Let's Pay Some Attention to Mexico's Southern Border and the OTMs

By David North on July 23, 2013

Here's an idea. Instead of adding 20,000 Border Patrol agents at our southern border, let's make that 18,000, and use the money saved for 2,000 of them to fund, say, 4,000 Mexican Border Patrolmen (or better, Mexican Marines) at their southern border.

Clearly, it costs less to hire people in Mexico than in the United States, and clearly there are oodles of Central Americans pouring over that border on their way to the United States. The Border Patrol uses the term "Other Than Mexicans" (OTMs) for the non-Mexicans it apprehends after they have wended their way through Mexico.

Border Patrol statistics show that the agency is seeing a lot more OTMs recently. Apprehensions of them by the Border Patrol were 46,997 in FY 2011 and 94,532 in FY 2012.

My sense is that adding 20,000 Border Patrol agents, as is proposed in the version of S.744 passed by the Senate, is mostly overkill. More agents are needed, of course, but there will be the factor of diminishing returns. If the 20,000 could be added to the interior enforcement efforts, that would be meaningful, but Congress does not propose that.

Adding 4,000 agents at the borders between Mexico and Guatemala (and to a lesser extent) Belize, however, will make a terrific difference, even if the force is not as alert as our Border Patrol, and is corrupt to some extent. Mexico does little currently to guard those borders and 4,000 agents there would be very useful.

There is a precedent for this. As my colleague Jerry Kammer has reminded me, we send a lot of money to Mexico to help it control the drug trade. Why not pay the Mexican government something to help control the illegal-alien traffic through their country? Since the OTMs are not about to damage the Mexican economy, Mexico has little motivation to spend its money to help solve one of America's problems.

The Beast. Perhaps the most obvious manifestation of the laxness of enforcement at Mexico's lower border is the freight train called "The Beast", as the accompanying photograph shows.

OTMs and others risk their lives by riding this train north to the US-Mexico border, according to this illustrated article in London's May 1 Daily Mail. That there are many migrants riding on the top of these trains indicates that there is no law-enforcement at all on the part of Mexican authorities.

The train, also called "the Train of Death" because of its inherent dangers, starts its way north at the town of Arriaga, which is a little west of Tonala, shown on the map, and thus about 200 miles west of the Guatemalan border.

Removing illegal migrants from trains is something that our Border Patrol has down pat, there being several rail crossings from Mexico, including those at Brownsville, Laredo, El Paso, and Nogales. A few score Mexican Border Patrolmen or Marines, funded in the way I have proposed, could make sure that this train would move north without its illicit passengers.

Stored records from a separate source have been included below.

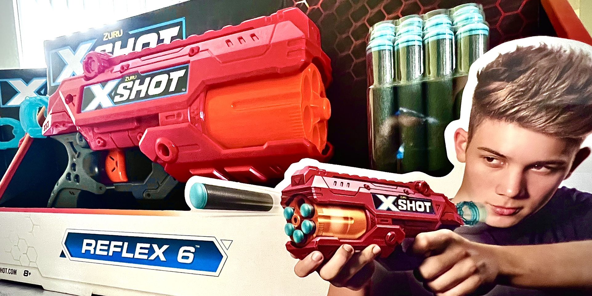 Reflex 6! Comes with 12 X shot bullets Reach 90 ft/27m Recommend age 8+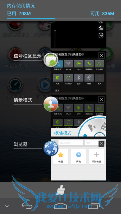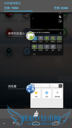 点击“任务管理键”即可进入任务管理界面,在该机界面可以查看近期打开的应用程序或设置选项,而且点击位于底端的“刷子”图标,还可以实现一键清理,释放内存空间。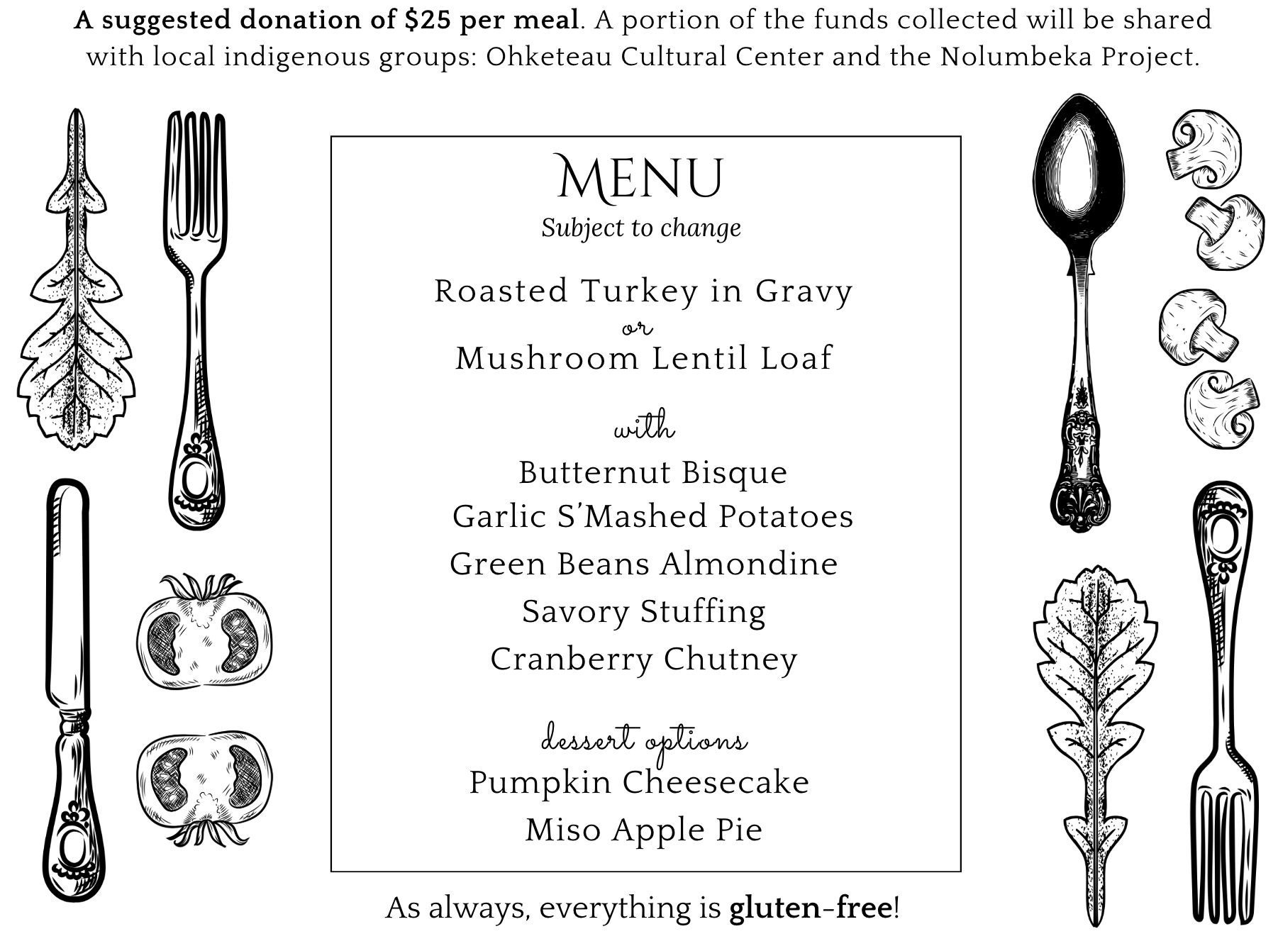 Suggested donation of $25 per meal. A portion of the funds collected at this meal will be shared with our indigenous friends at Ohketeau Cultural Center and Nolumbeka Project.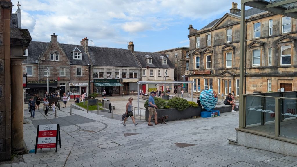 Heute Morgen ging es dann zur Abwechslung mit der frühen Gezeit weiter (immer noch bei Sonne satt und ohne Wind), nun liegen wir in Fort William und haben auch schon eine kleine Erkundungstour gemacht. Fort William ist ganz nett, aber nichts im Vergleich zu Oban. Wir haben aber eine nette Taverne gefunden, in der es klassisches schottisches Essen gibt. Das war die Gelegenheit, einmal Haggis zu probieren. Im Prinzip sind das Schafsinnereien, gekocht mit Haferflocken und ein paar anderen Zutaten in einem Schafsmagen. Umgestülptes Schaf also. Hört sich komisch an, schmeckt aber ganz lecker, ein Bisschen wie Leberpastete. Serviert mit Kartoffelpüree und einer Art Rübenkompott.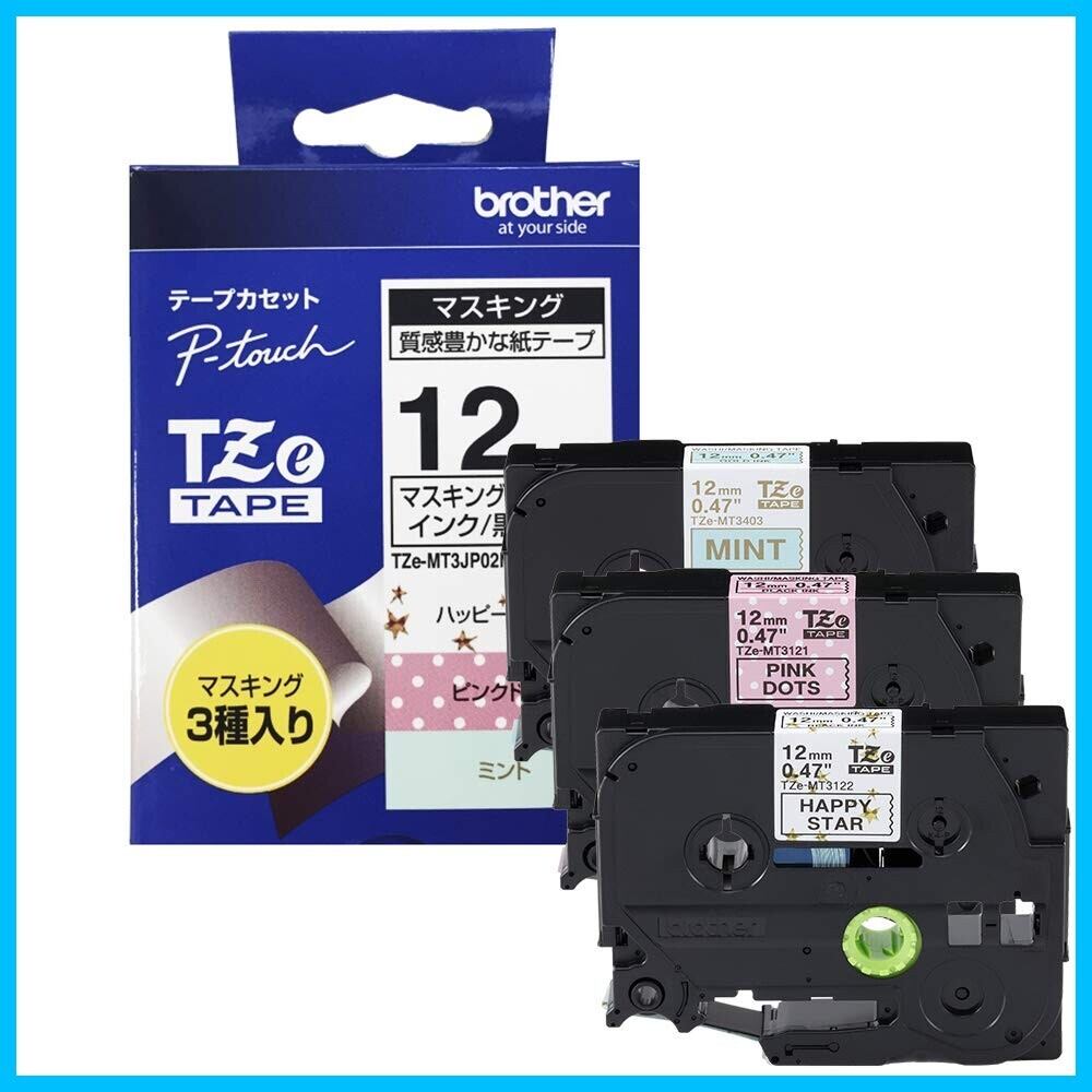 【ブラザー純正】ピータッチ マスキングテープ TZe-MT3JP02M3 幅12mm (ハッピースター,ピンクドット,ミント/3本セット)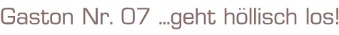 Gaston Nr.07Titel: ...geht höllisch los!Von: André FranquinISBN 3551011427Verlag: Carlsen Verlag, Reinbek bei Hamburg, 1. Auflage 1987Softcover, 46 SeitenFormat: 22 x 29,5 x 0,5 cmZustand: gebraucht, sehr gut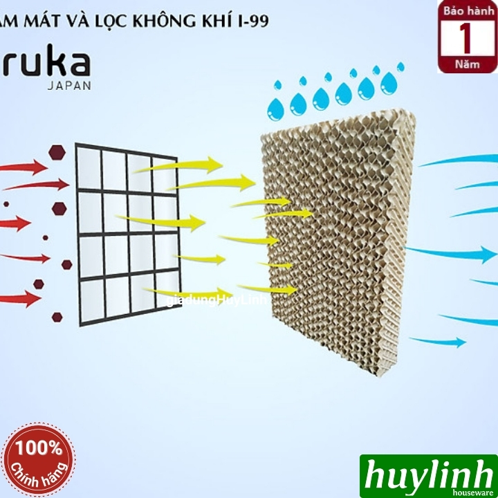 Iruka I-99 được thiết kế thêm hộp đá lạnh giúp mang lại hiệu quả cho không khí xung quanh được mát mẻ hơn. Quạt có dung tích bình chứa nước là17 lít nên sẽ có thể làm mát liên tục nhiều giờ mới phải châm thêm nước mới.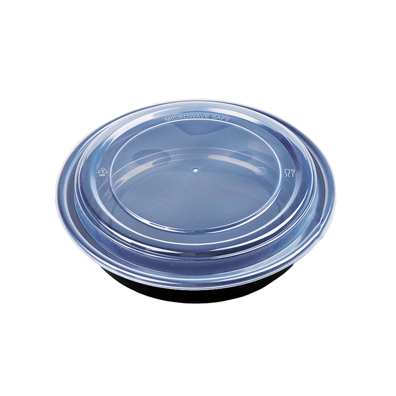 48 oz. Black Round PP Food Microwavable Container with Lid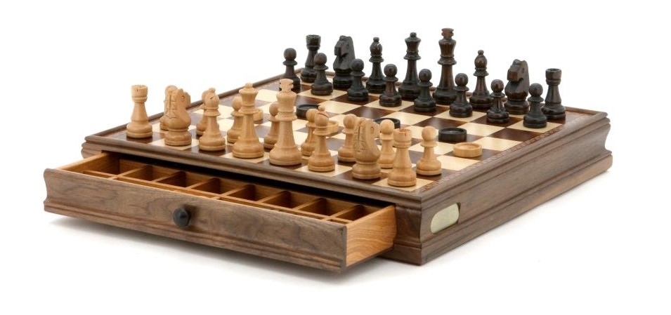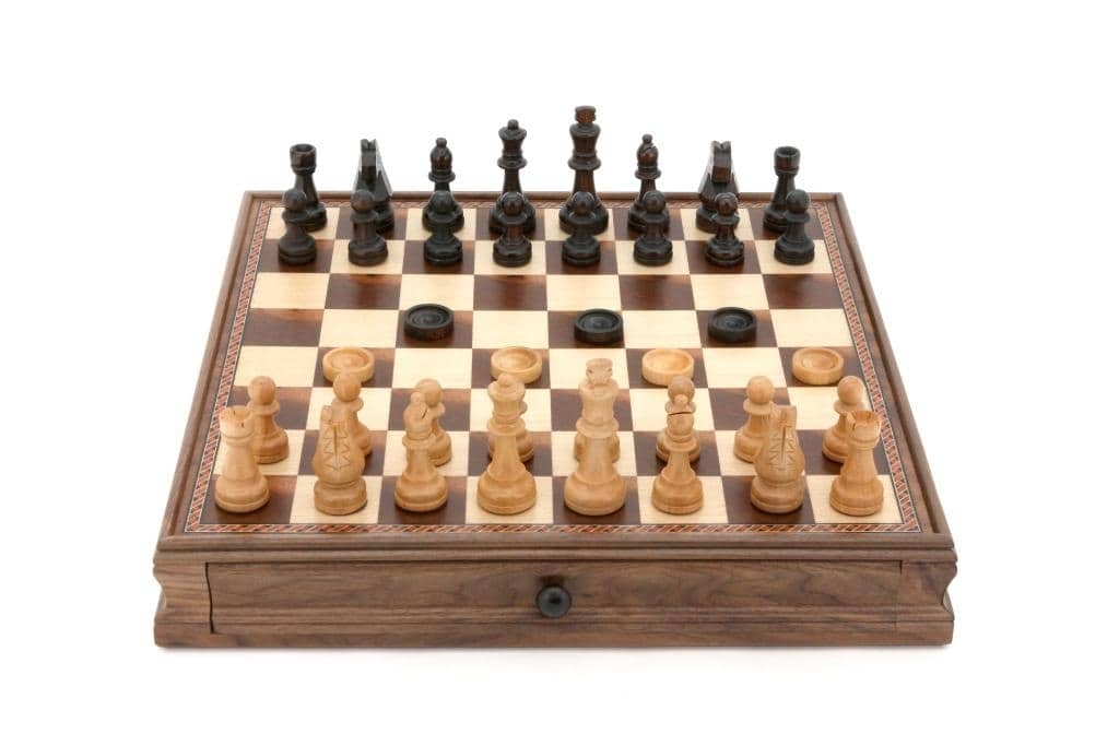 Introducing the Dal Rossi Chess/Checkers Set, a timeless and elegant addition to your gaming collection. Encased in a luxurious walnut box, this set is not just a game but a piece of art that exudes sophistication. With meticulous attention to detail, Dal Rossi has crafted a chess set that seamlessly blends classic design with modern functionality.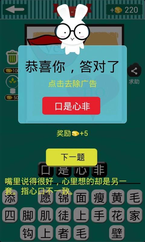 游戏规则很简单,只要根据所显示的图片按顺序选择方框文字组成成语即可过关,看图猜成语,你能过几关?Figure 3 is a guess idioms idioms Doodle Studio plug-guess the third edition of the series, this series is more difficult than the previous two series, the authors carefully selected four-wave picture of 160 questions, the subsequent week launched a wave.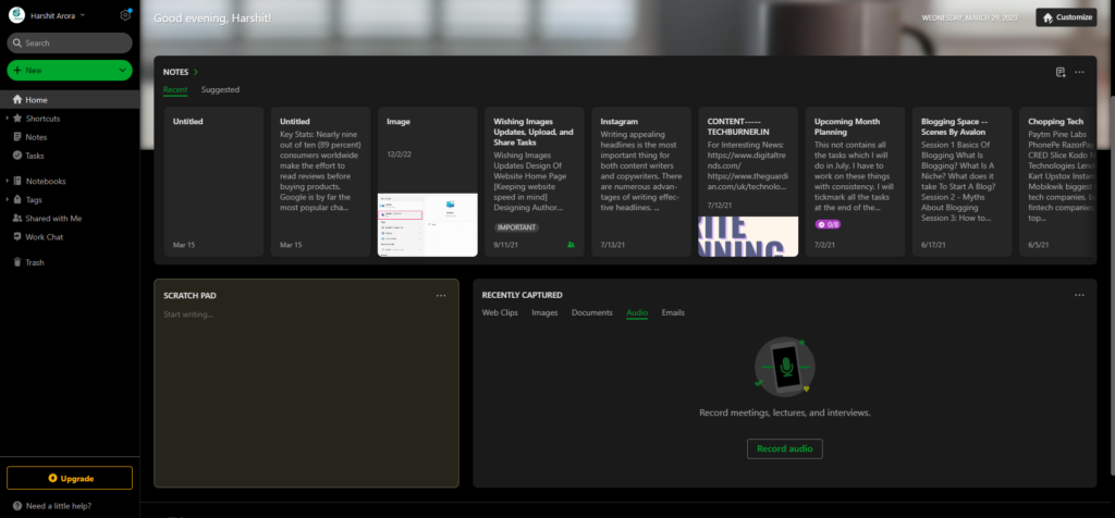 La prochaine application sur notre liste estEvernote. Evernote est une application de prise de notes qui vous permetnotez toutes vos pensées et idéesen un seul endroit et accédez-y à tout moment et n'importe où, car cela fonctionne également sur mobile.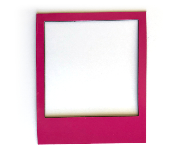 Cadre photoMagnétique, rose, souple, donne à vos photos un air de Polaroid. Il est possible d'écrire dessus avec des stylos pour tableau blanc.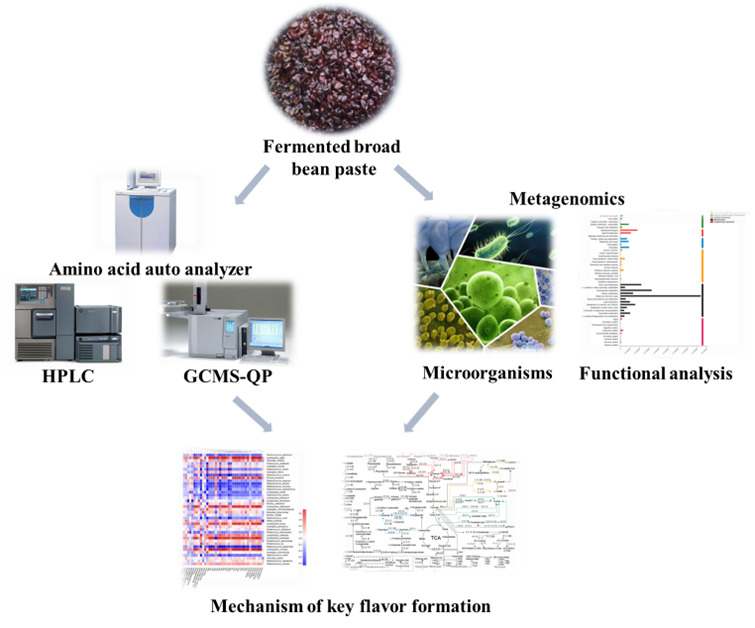 因此,本研究利用高效液相色谱(HPLC)和顶空固相微萃取-全二维气质联用(HP-SPME-GC×GC-MS)等对甜瓣子发酵过程中的风味物质(滋味物质和香气物质)进行分析,基于宏基因组学研究甜瓣子发酵过程中微生物种群组成和演替以及功能微生物,研究甜瓣子发酵过程中与关键风味物质形成相关的主要功能微生物和代谢途径,揭示甜瓣子发酵过程中关键风味物质形成机理。

Mexico's Southern Border. As the map shows, there is a jagged border between Guatemala and Mexico; it is some 540 miles long. (That's about a quarter of the length of the US-Mexico border.) I have not visited it (as I have Mexico's northern border), but it appears to have the usual characteristics of international borders — some parts of it are crossed more often than others.

My sense is that most of the traffic takes place over the southwestern part, which stands between the more populated parts of Guatemala and the terminus of "The Beast". There is another segment of the border, the straight line running some 120 miles to the west from Belize, that appears to be through jungle and probably is not used much. There appear to be no towns or villages near that part of the line. So most of the proposed 4,000 agents would be concentrated at the end of the border near the Pacific.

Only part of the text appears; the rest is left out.